(Epistemic status: Processing obvious things that have likely been written many times before, but that are still useful to have written up in my own language)
How do you act in the context of a community that is vetting constrained? I think there are fundamentally two approaches you can use to establish coordination with other parties:
1. Professionalism: Establish that you are taking concrete actions with predictable consequences that are definitely positive
2. Alignment: Establish that you are a competent actor that is acting with intentions that are aligned with the aims of others
I think a lot of the concepts around professionalism arise when you have a group of people who are trying to coordinate, but do not actually have aligned interests. In those situations you will have lots of contracts and commitments to actions that have well-specified outcomes and deviations from those outcomes are generally considered bad. It also encourages a certain suppression of agency and a fear of people doing independent optimization in a way that is not transparent to the rest of the group.
Given a lot of these drawbacks, it seems natural to aim for establishing alignment with others, it is however much less clear how to achieve that. Close group of friends can often act in alignment because they have credibly signaled to each other that they care about each others experiences and goals. This also tends to involve costly signals of sacrifice that are only economical if the goals of the participants were actually aligned. I also suspect that there is a real “merging of utility functions” going on, where close friends and partners self-modify to share each others values.
For larger groups of people, establishing alignment with each other seems much harder, in particular in the presence of adversarial actors. You can request costly signals, but it is often difficult to find good signals that are not prohibitively costly for many members of your group (this task is much easier for smaller groups, since you have less spread in the costs of different actions). You are also under much more adversarial pressure, since with more people you likely have access to more resources which attracts more adversarial actors.
I expect this is the reason why we see larger groups often default to professionalism norms with very clearly defined contracts.
I think the EA and Rationality communities have historically optimized hard for alignment and not professionalism, since that enabled much better overall coordination, but as the community grew and attracted more adversarial actors those methods didn’t scale very well and so we currently expect alignment-level coordination capabilities while only having access to professionalism-level coordination protocols and resources.
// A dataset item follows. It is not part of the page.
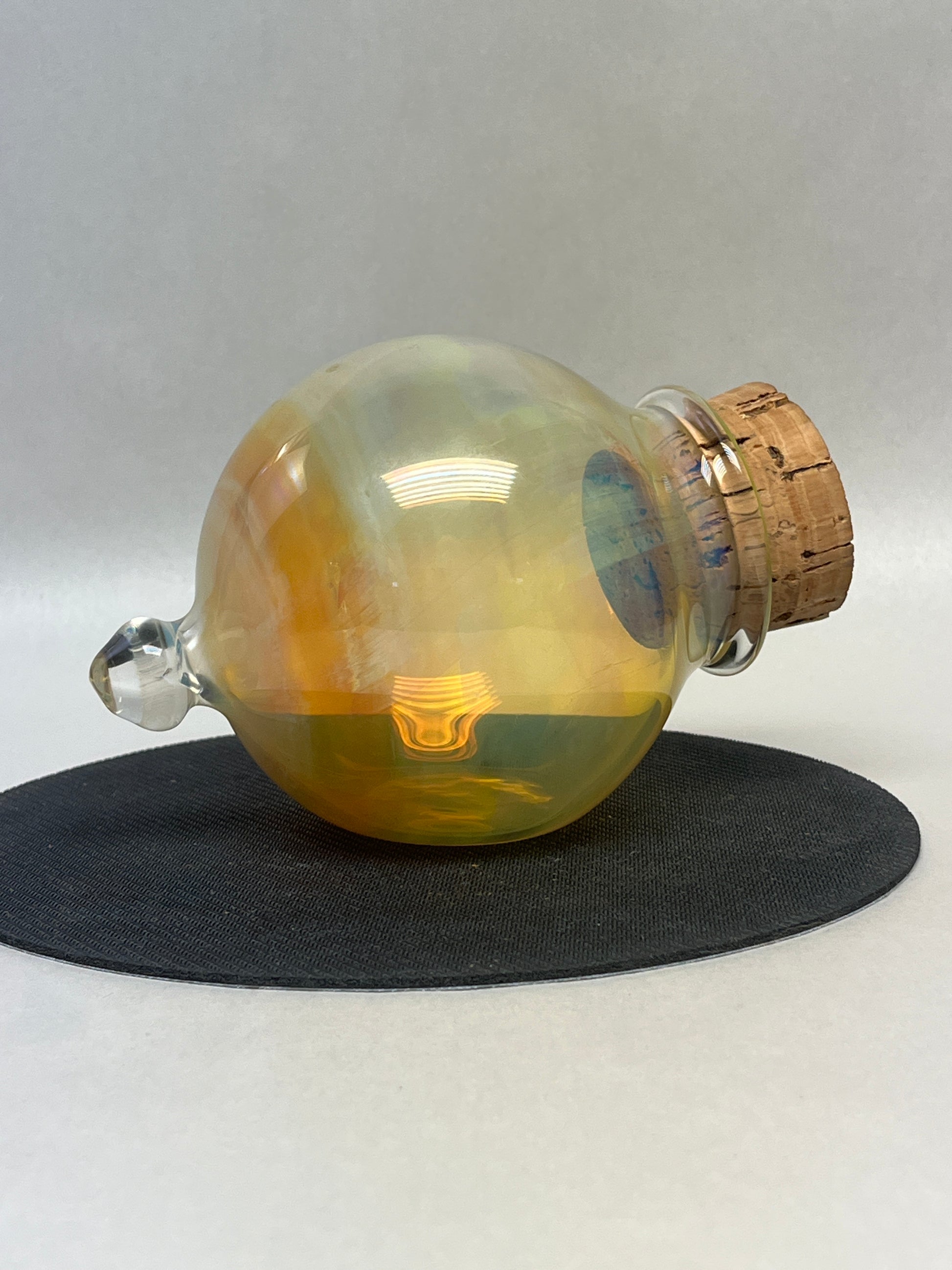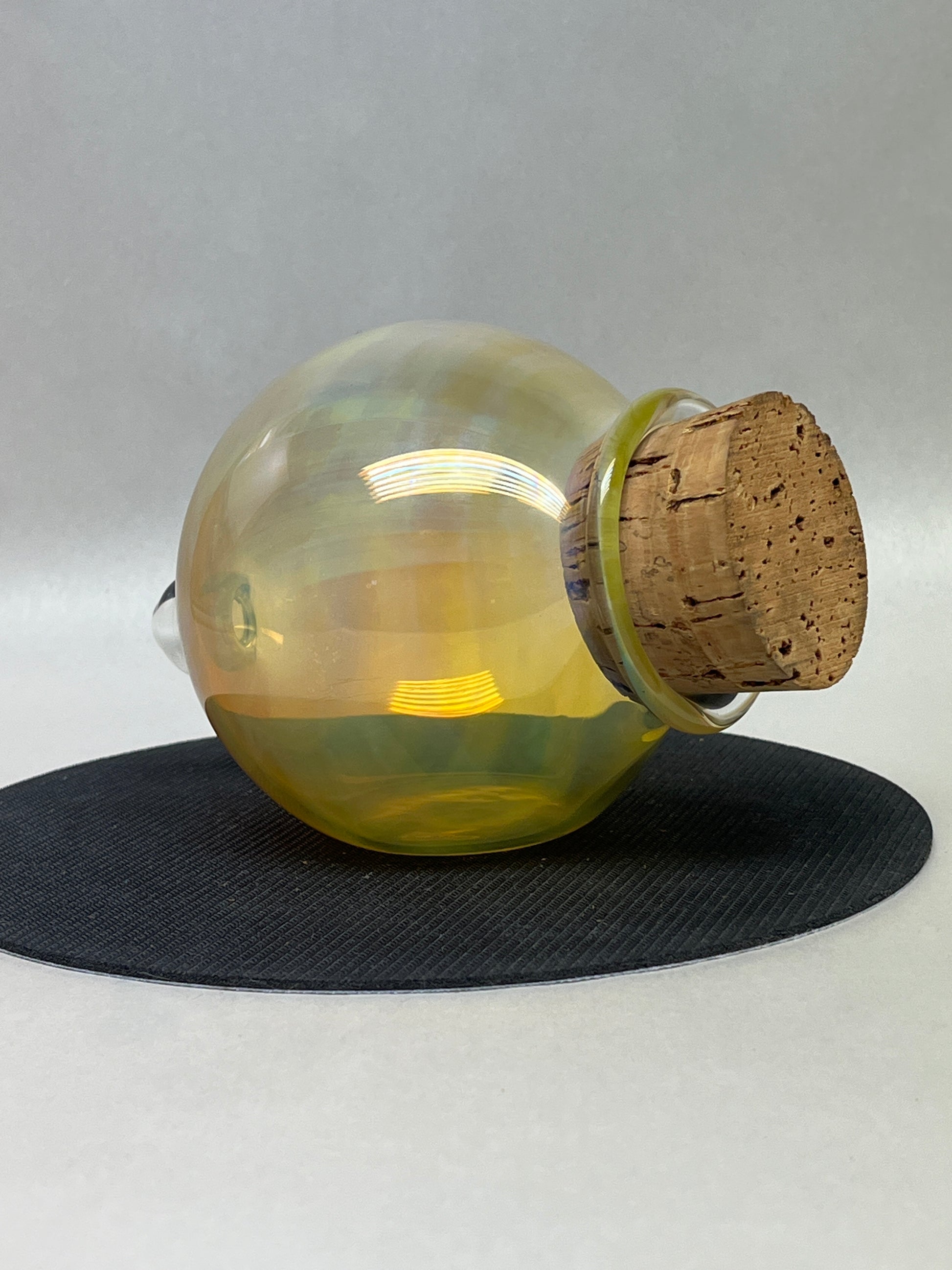 “A handcrafted glass jar, beautifully fumed with pure silver to create a shimmering, iridescent finish that shifts in the light. The wide-mouth design offers easy access, while the durable construction makes it ideal for storing herbs, tobacco, or other treasured materials. Each jar carries its own unique luster—subtle blues, purples, and golds that dance across the surface—showcasing the alchemy of flame and precious metal. A functional piece with a touch of magic.”

We’ve also seen an increase in people trying to increase the amount of alignment, by looking into things like circling and specializing in mediation and facilitation, which I think is pretty promising and has some decent traction.
I also think there is a lot of value in building better infrastructure and tools for more “professionalism” style interactions, where people offer concrete services with bounded upside. A lot of my thinking on the importance of accountability derives from this perspective.
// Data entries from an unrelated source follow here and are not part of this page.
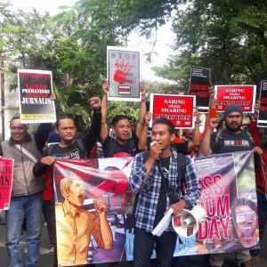 MALANG-KAV.10 Aksi peringatan Hari Kebebasan Internasional (World Press Freedom Day) di depan Kantor Wali Kota Malang kedatangan Sutiaji, Wakil Walikota...
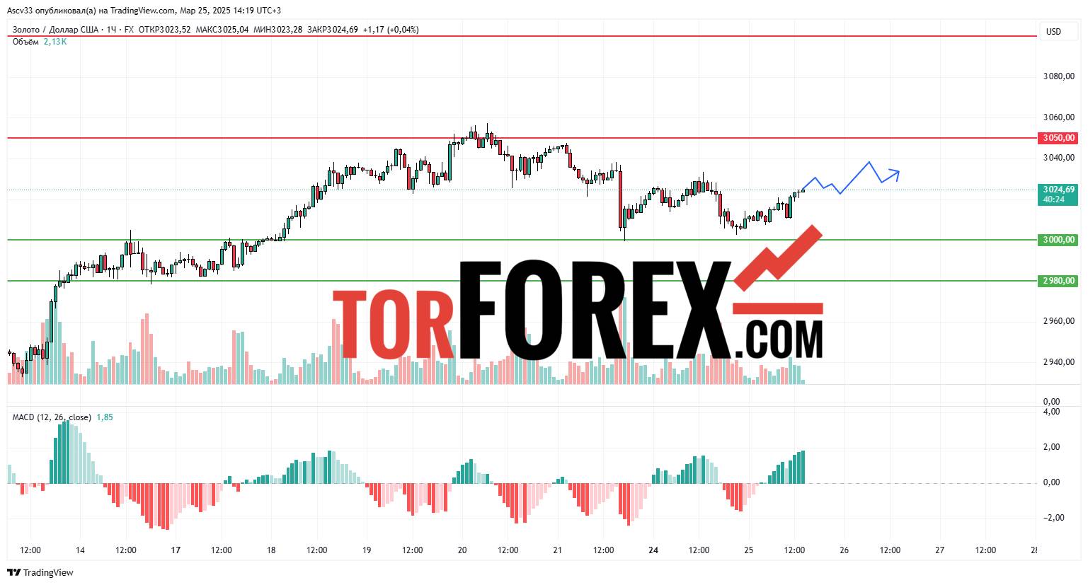 В течение ближайших суток XAU/USD, скорее всего, продолжит движение в диапазоне $3 000–$3 050. Устойчивое закрепление выше $3 050 откроет дорогу к $3 100. При снижении ниже $3 000 повышается вероятность отката к $2 980. Внимание стоит уделить реакции цены на уровнях $3 000 и $3 050 — именно там вероятны торговые сигналы, определяющие дальнейшее направление котировок.
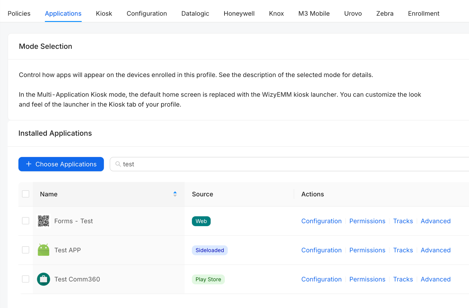 Important Note: This step is mandatory only for Restricted Play Store and Kiosk profiles. For profiles configured with Open Play Store, users are typically permitted to install APKs directly without the need for the application to be explicitly added to this installed list.

Making yourself understandable to other people
(Epistemic status: Processing obvious things that have likely been written many times before, but that are still useful to have written up in my own language)
How do you act in the context of a community that is vetting constrained? I think there are fundamentally two approaches you can use to establish coordination with other parties:
1. Professionalism: Establish that you are taking concrete actions with predictable consequences that are definitely positive
2. Alignment: Establish that you are a competent actor that is acting with intentions that are aligned with the aims of others
I think a lot of the concepts around professionalism arise when you have a group of people who are trying to coordinate, but do not actually have aligned interests. In those situations you will have lots of contracts and commitments to actions that have well-specified outcomes and deviations from those outcomes are generally considered bad. It also encourages a certain suppression of agency and a fear of people doing independent optimization in a way that is not transparent to the rest of the group.
Given a lot of these drawbacks, it seems natural to aim for establishing alignment with others, it is however much less clear how to achieve that. Close group of friends can often act in alignment because they have credibly signaled to each other that they care about each others experiences and goals. This also tends to involve costly signals of sacrifice that are only economical if the goals of the participants were actually aligned. I also suspect that there is a real “merging of utility functions” going on, where close friends and partners self-modify to share each others values.
For larger groups of people, establishing alignment with each other seems much harder, in particular in the presence of adversarial actors. You can request costly signals, but it is often difficult to find good signals that are not prohibitively costly for many members of your group (this task is much easier for smaller groups, since you have less spread in the costs of different actions). You are also under much more adversarial pressure, since with more people you likely have access to more resources which attracts more adversarial actors.
I expect this is the reason why we see larger groups often default to professionalism norms with very clearly defined contracts.
I think the EA and Rationality communities have historically optimized hard for alignment and not professionalism, since that enabled much better overall coordination, but as the community grew and attracted more adversarial actors those methods didn’t scale very well and so we currently expect alignment-level coordination capabilities while only having access to professionalism-level coordination protocols and resources.
We’ve also seen an increase in people trying to increase the amount of alignment, by looking into things like circling and specializing in mediation and facilitation, which I think is pretty promising and has some decent traction.
I also think there is a lot of value in building better infrastructure and tools for more “professionalism” style interactions, where people offer concrete services with bounded upside. A lot of my thinking on the importance of accountability derives from this perspective.
I had forgotten this post, reread it and still think it’s one of the better things of it’s length I’ve read recently.
Glad to hear that! Seems like a good reason to publish this as a top-level post. Might go ahead and do that in the next few days.